In fact, it can snow in Iceland pretty much any time from October to April. Even during the summer months, there can still be snow on the mountaintops.

And, of course, there’s ice year-round on glaciers such as Mýrdalsjökull or Langjökull.

Which parts of Iceland are best for snowmobiling?

Well, you can snowmobile pretty much anywhere there’s snow or ice! The biggest variety of tours leave from Reykjavik and take you out to suitable spots for snowmobiling. 

Iceland is a great place to go on a snowmobile tour.

Snowmobile glacier tours in south Iceland are popular, while in winter, you can snowmobile on the frozen Lake Mývatn in the north. 

Alternatively, Gullfoss waterfall is a great place to head if you want to go snowmobiling on the Langjökull glacier, where there’s ice year-round.

How much will a snowmobile tour cost in Iceland?

A 90-minute snowmobile trip starts from around £130 (approximately $160) per person, while a full-day trip combined with a tour of some of Iceland’s top sights will cost from around £210 ($260).

And if you want to splash out on your own private snowmobile tour in Iceland, you’re looking at about £2000, though you can take up to five friends along with you for that price!

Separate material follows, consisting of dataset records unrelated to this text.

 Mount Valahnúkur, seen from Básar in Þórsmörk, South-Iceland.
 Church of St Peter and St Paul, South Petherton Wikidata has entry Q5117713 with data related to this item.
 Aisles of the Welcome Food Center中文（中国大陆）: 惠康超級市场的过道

Is snowmobiling in Iceland worth it?

As you can see from the prices above, snowmobile trips in Iceland aren’t aimed at those on a budget!

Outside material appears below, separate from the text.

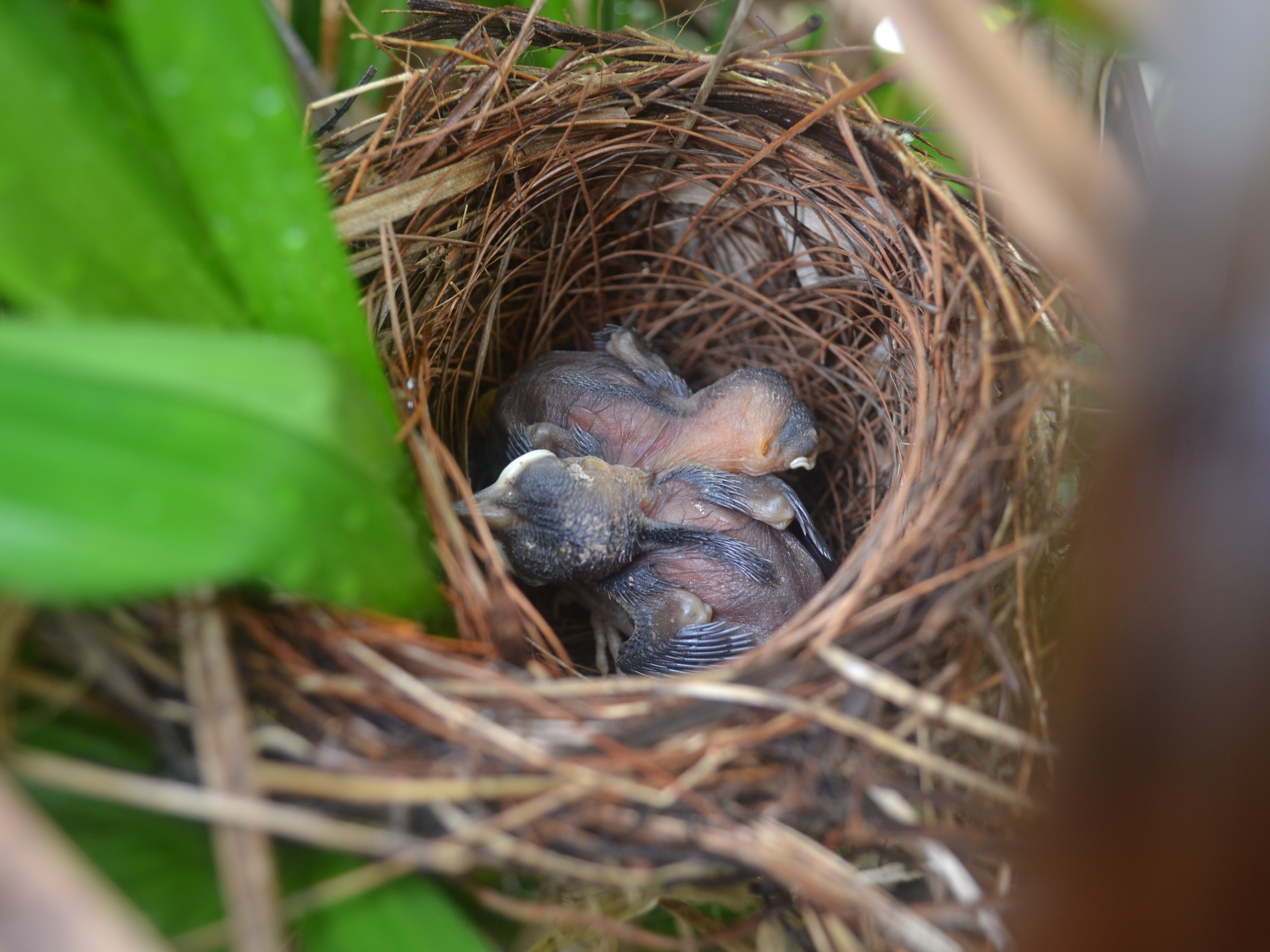 Chicks of Yellow-vented Bulbul 5th day after hatching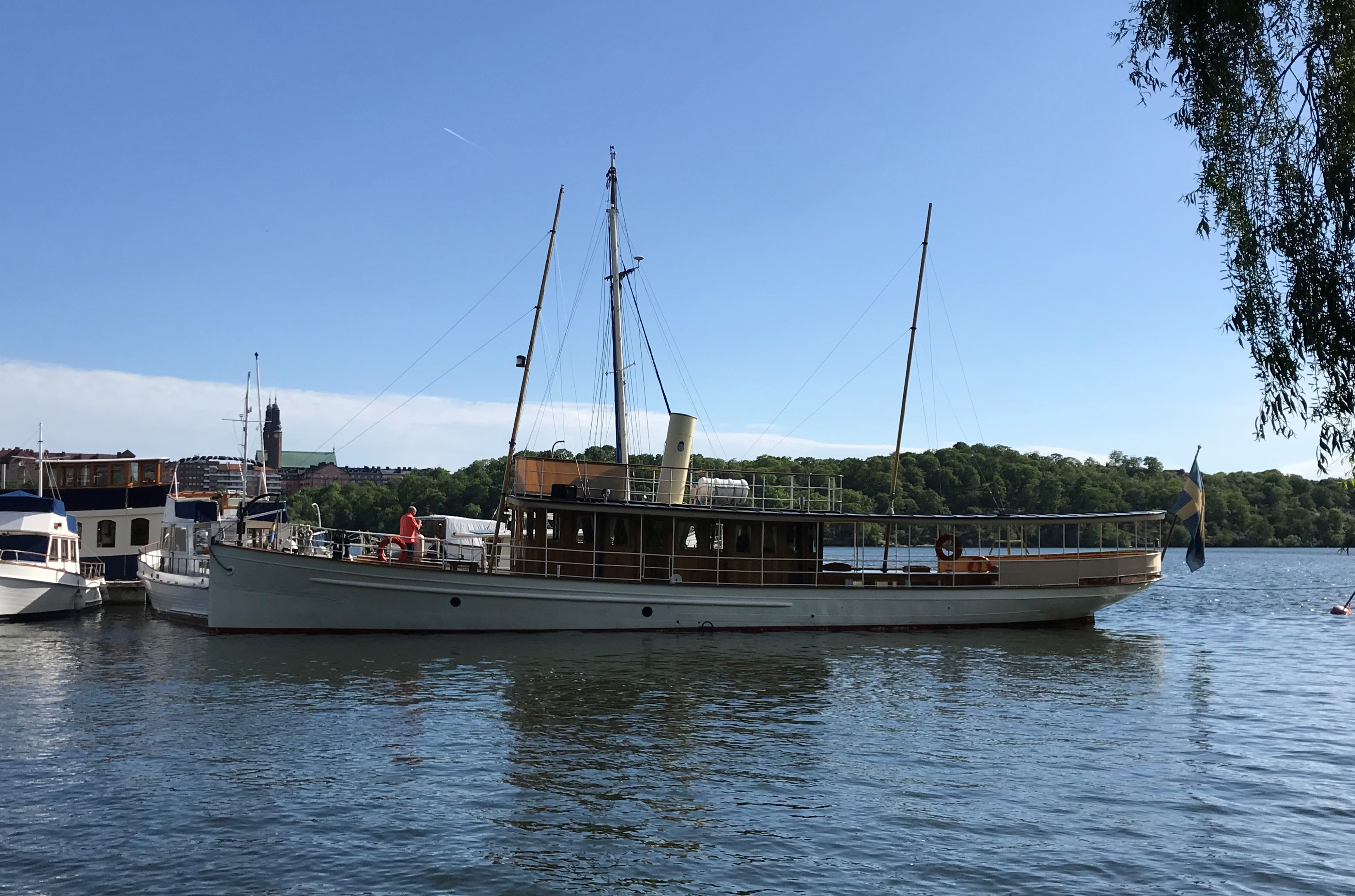 The Swedish motor yacht M/Y Arona from 1904, designed by J E Hernberg, photographed in June, 2019.

But there’s little in Iceland that is cheap, and whizzing across the country’s stunning other-worldly wintry landscapes on an adrenaline-fuelled snowmobile trip will certainly be a highlight of any trip here.

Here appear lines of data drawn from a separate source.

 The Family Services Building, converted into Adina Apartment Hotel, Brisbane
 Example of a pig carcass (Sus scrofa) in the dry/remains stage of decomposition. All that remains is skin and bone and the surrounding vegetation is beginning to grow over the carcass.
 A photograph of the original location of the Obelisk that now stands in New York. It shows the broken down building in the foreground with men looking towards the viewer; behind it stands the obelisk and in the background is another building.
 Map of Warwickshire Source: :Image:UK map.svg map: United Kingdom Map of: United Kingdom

So in case you’re tempted, we’ve picked out our top snowmobile tours in Iceland.

Our 5 favourite snowmobile trips in Iceland

Swim in a thermal pool and ride a snowmobile

This full-day tour includes two of Iceland’s most iconic activities – a snowmobile ride on a glacier and a dip in a naturally heated hot pool

Combine a snowmobile tour with a trip to a thermal pool

First, you’ll explore the Langjökull Glacier by snowmobile, then on the way back you’ll stop off at the Secret Lagoon near Flúðir to float around in the warm waters of Iceland’s oldest thermal outdoor pool. 

Take a snowmobile trip across the ice fields of Mýrdalsjökull 

If you’re looking for south Iceland snowmobile tours, this trip starts from Vik and takes you high up onto the Mýrdalsjökull glacier, from where you get great views over the south coast. 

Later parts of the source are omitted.